Thomas Cruise

Personal information
- Full name: Thomas Daniel Cruise
- Date of birth: 9 March 1991 (age 35)
- Place of birth: Islington, England
- Height: 6 ft 0 in (1.83 m)
- Position: Left back

Youth career
- 2007–2009: Arsenal

Senior career*
- Years: Team / Apps / (Gls)
- 2009–2011: Arsenal / 0 / (0)
- 2010–2011: → Carlisle United (loan) / 3 / (0)
- 2012–2015: Torquay United / 61 / (0)

International career
- 2006–2007: England U16 / 8 / (0)
- 2007: England U17 / 2 / (0)
- 2010: England U19 / 6 / (1)

= Thomas Cruise =

English footballer (born 1991)

Thomas Daniel Cruise (born 9 March 1991) is an English former professional footballer who played as a left back. He has played in the Football League for Carlisle United and Torquay United. He is a product of the Arsenal Academy which came to prominence during the 2008–09 FA Youth Cup.

==Club career==
Cruise was born in Islington, Greater London. He joined in and made his debut for Arsenal F.C. Reserves in November 2007. Through Arsenal Academy, Cruise was a member of the FA Youth Cup winning team in 2008–09. On 9 December 2009, with Arsenal having qualified for the knockout stage of the 2009–10 UEFA Champions League as winners of Group H, manager Arsène Wenger played a number of youth players in the final group match against Olympiacos. Cruise started the match, giving him his first and only senior appearance for the club, playing the whole game. On 3 November 2010, he joined League One club Carlisle United on loan. On 17 June 2011, Arsenal's website announced; "Arsenal Football Club can confirm that Mark Randall, Thomas Cruise and Roarie Deacon will reach the end of their contracts with the Club this month to become free agents."

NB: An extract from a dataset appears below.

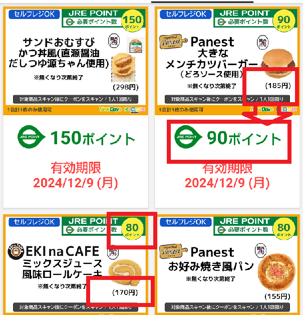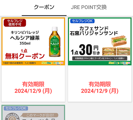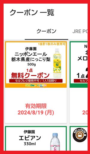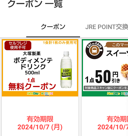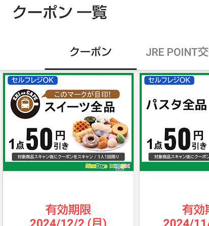 ニューデイズで買い物するときは、JREポイントが少ないことに落胆する前に、まずこのクーポン券をみて、何を買えるのか考えるというのがいいだろう。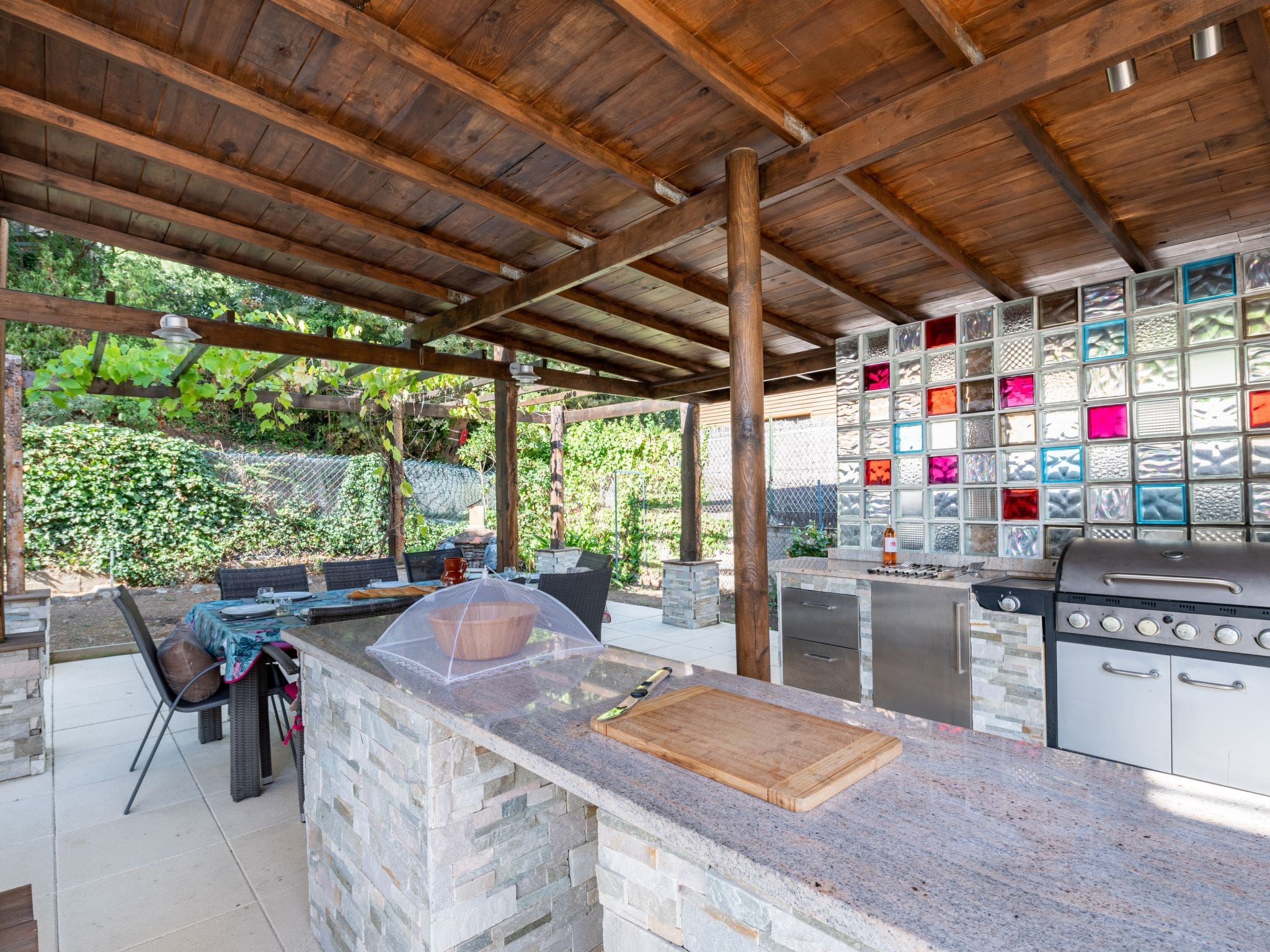 The expansive 80-square-metre covered terrace serves as an outdoor living room, furnished with comfortable seating for eight and equipped with barbecue facilities for memorable al fresco dining. Seven deck chairs are strategically positioned to capture both morning sunshine and afternoon shade, while the mature gardens provide natural privacy and tranquil Mediterranean ambiance.

Following his release from Arsenal, Cruise had a trial with Serie B side Sampdoria. Cruise also had a trial at League One side Scunthorpe United in late 2011. On 20 February 2012, Major League Soccer (MLS) side New England Revolution claimed Cruise was training at the club for a two-week trial with a move to the New England Revolution.
In June 2012, he signed a one-year deal with Torquay United.
On 24 May 2013, he signed a new one-year deal with Torquay. It was announced in April 2015, that Cruise and a number of other players would be released from the club.

In 2016, he began training to become an accountant.

==International career==
In 2007, he was called up to the England under-17 team. In October 2007, Cruise took part in the first round of qualifying for 2008 UEFA European Under-17 Championship, however he was replaced for the second round of qualifying in March 2008 due to an injury.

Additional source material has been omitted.